The transparency the legislation is intended to promote hasn’t always materialized
Although the purpose of the Quality of Care Information Protection Act (QCIPA) is to encourage openness in discussions surrounding critical incidents so they can be prevented in the future, Mahsa Dabirian, partner at Bogoroch & Associates LLP, says the transparency the legislation is intended to promote hasn’t always materialized.
According to the Ontario Ministry of Health’s website, QCIPA “allows health professionals to have open discussions about critical incidents involving patient care and quality improvement matters in general,” and creates a safe space to explore areas of quality improvement, including potential causes of critical incidents, “without fear that the information will be used against them.” The legislation applies to hospitals, independent health facilities, long-term care homes, licensed medical laboratories and specimen collection centres.
The investigation of critical incidents in health care facilities and hospitals has been longstanding, and legislation around these investigations started with QCIPA 2004. It provided a “cloak of confidentiality” around internal investigations of critical incidents at hospitals, based on the rationale that in order to understand the cause of an incident to prevent it from occurring in the future, treatment providers and staff “should feel comfortable being frank and forthright about what occurred and why,” Dabirian says, and not be reluctant to share information — but that open culture didn’t happen, at least from a patient perspective.

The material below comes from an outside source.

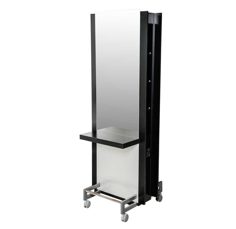 Изящный и функциональный двусторонний рабочий туалет ДУЭТ 2 Элипс подойдет для островного размещения в салоне красоты, оказания экспресс-услуг, обучающих центров, выездных мероприятий и организации рабочего места там, где нет возможности закрепить парикмахерское зеркало к стене. Устойчивость конструкции зеркала обеспечивают стальной каркас и надежные колеса с фиксаторами.
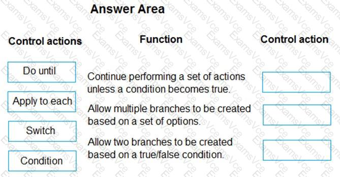 Which control action should you use? To answer, drag the appropriate control actions to the correct functions. Each control action may be used once, more than once, or not at all. You may need to drag the split bar between panes or scroll to view content.

“There was widespread discrepancy with hospitals invoking its protection, with some using QCIPA 2004 with every incident and others never using it,” she says. “This prevented patients and their families from learning about what happened and what steps were taken to prevent the critical incident from happening again in the future.”
Another problem with QCIPA 2004 was that the definition of “quality of care information” that could be withheld from patients was very broad, and would be used to shut patients out.
In 2016, a new act to replace QCIPA 2004 was passed, QCIPA 2016. The intention of the act, reflected in the preamble, was to encourage patients and their families to participate in discussions around their health care, and to promote health care providers being more transparent in the information being shared with patients.
QCIPA 2016 also specifies that some information cannot be protected as “quality of care information,” including the facts of what occurred; what the quality of care committee or health facility has identified as the cause of the incident; the actions taken and recommendations given to address these consequences; and any systematic steps to avoid future similar incidents.
Despite the intention to add clarity, there’s still a lot of grey area surrounding QCIPA, Dabirian says. For example, there are still hospital reviews being conducted without invoking QCIPA, which raises questions about what information arising from an investigation ought to be given to patients, families and lawyers. In those circumstances, can common law privilege apply, or are patients and lawyers allowed access to the same information that would not be protected under QCIPA? Another example illustrating the uncertainty of disclosure obligations around post-incident investigations is morbidity and mortality rounds, which may include a discussion with entire medical departments or residency classes about the incident and what was learned. In some cases, written materials are prepared by doctors involved in an incident. Do patients get to learn what was discussed or get access to the presentation material, such as handouts or power points slides?
“We have cases right now where a case review had been done at the hospital but it wasn’t done pursuant to QCIPA, so where does that leave us?” Dabirian asks. “Are we entitled to the facts of what occurred? To what the facility identified as the common causes of the incident? Are they going to take a blanket privilege? Rely on common law privilege? Those are the questions we are contending with right now.”
The law wants people to have access to information, “but at the same time is quite protective of doctors and health facilities to allow them to have discussions,” she says. The legislation wants to balance the good of enabling health professionals to have candid discussions surrounding critical incidents, on the theory that open discussions will improve quality of care for future patients, against the right to information of patients who have had critical incidents befall them. Dabirian would say law on this issue “still has limited transparency.” According to her, there needs to be clarity as to the parameters of privilege for any post-incident investigation that is not conducted pursuant to QCIPA 16 as well as a more robust approach to patients’ rights as already articulated in QCIPA 16.
“That’s the hope of QCIPA — but there is a lot of grey area for sure.”